In my early twenties, I was in a relationship with a black man who surprised me one day by stopping me before we got into my car to make sure I was carrying my driver’s license. I was (still am) an absent-minded guy with a bit of an anti-authority streak, and I frequently hopped into the car with no thought of carrying my driver’s license. Having driven since I was sixteen, it had never occurred to me that I might be pulled over by the police. My boyfriend, who was about the same age as me, asked me: “Do you know what happens when a black man without ID is pulled over by the police?” A light-bulb went off in my head. I was shocked and humbled.
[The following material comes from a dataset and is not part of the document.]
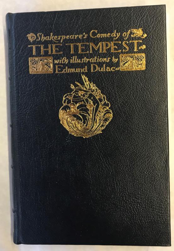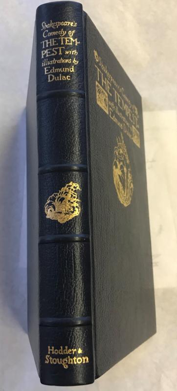 Published by Hodder & Stoughton, London, 1982, unspecified limited edition. Full navy blue leather binding. Four raised bands to spine. Gilt lettering and decoration to spine and front board. AEG. 10.5ins x 7.25ins, blue watered silk endpapers, xxiv, 144pp plus 40 tipped-in , tissue guarded, colour plates by Edmund Dulac. Ribbon marker. Fine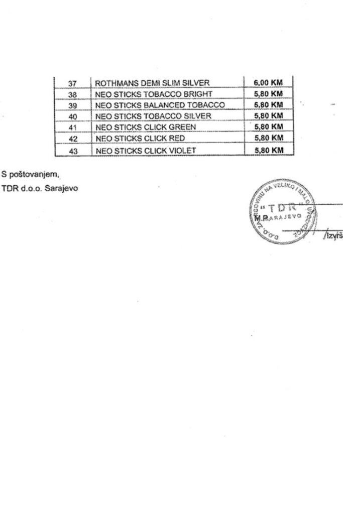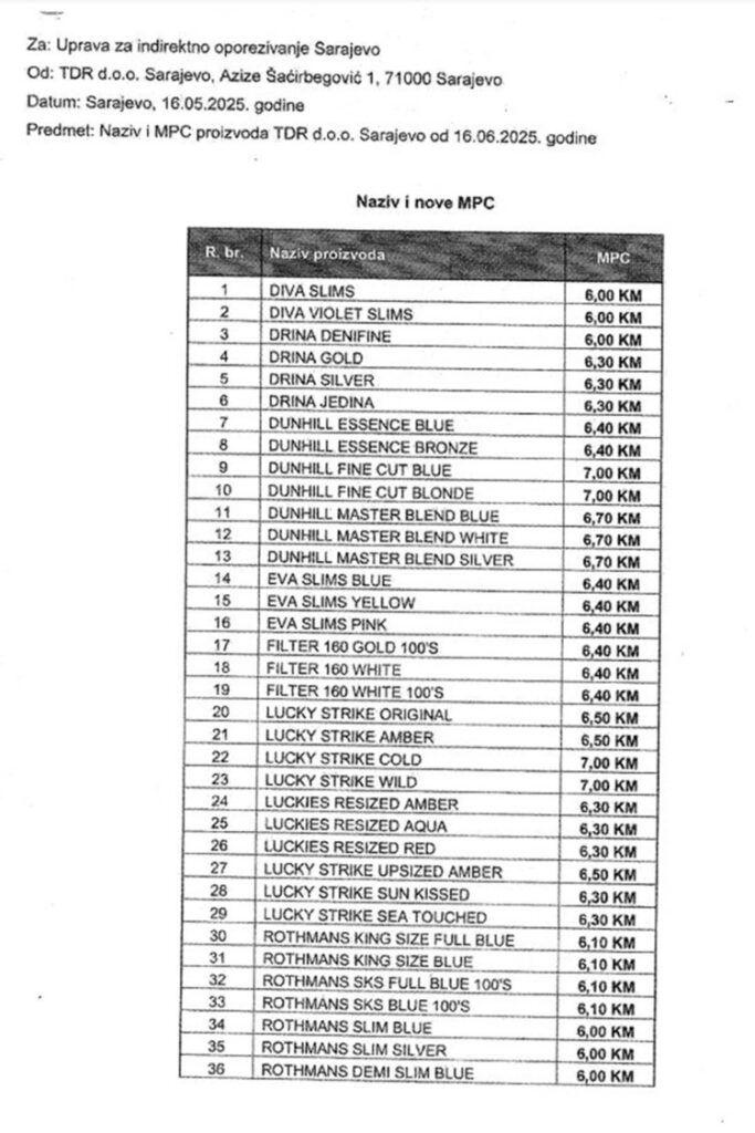 Kompanije TDR d.o.o. Sarajevo od danas ima nove maloprodajne cijene cigareta.

This is white privilege. I had never had to worry about police harassment based on my skin color. The few times I was pulled over for traffic violations, I had never worried about my behavior leading to any repercussions (and I was an ornery little bastard on those occasions, often presented with tickets, but never asked to step out of the car or interrogated about the purpose of my travel). Like many white men, I suspect, I self-righteously fought my fines through the legal system and won on two occasions even when I had been in the wrong. I faced police officers and traffic judges of the same skin color as me and certainly never wondered if my skin color would work against me.
As a gay man, I understand the fear of violence, that simply stepping out into the world places me at risk of harassment, discrimination, and even death because there are people who despise me for an aspect of my identity; and further, if that does occur I cannot count on being treated fairly by authorities who might share that bias. Social workers call that phenomenon adaptive paranoia.
As a white man, I am still learning about the contexts of racial violence and harassment. I don’t walk in those shoes. What I can do is listen, support, call out incidents of injustice, and help create a better world, as Green suggests.
In some ways, I feel there is an even greater gap in social action against racial injustice by non-black people than there is by non-gay people on issues of LGBT injustice. That is not to say that either issue is less or more deserving of action, and perhaps the sheer magnitude of inhumanity with Orlando engendered a bigger reaction across America by non-gay politicians, celebrities, artists, and musicians.
We need that same groundswell of outrage by white people on the issue of police brutality against blacks. #BlackLivesMatter.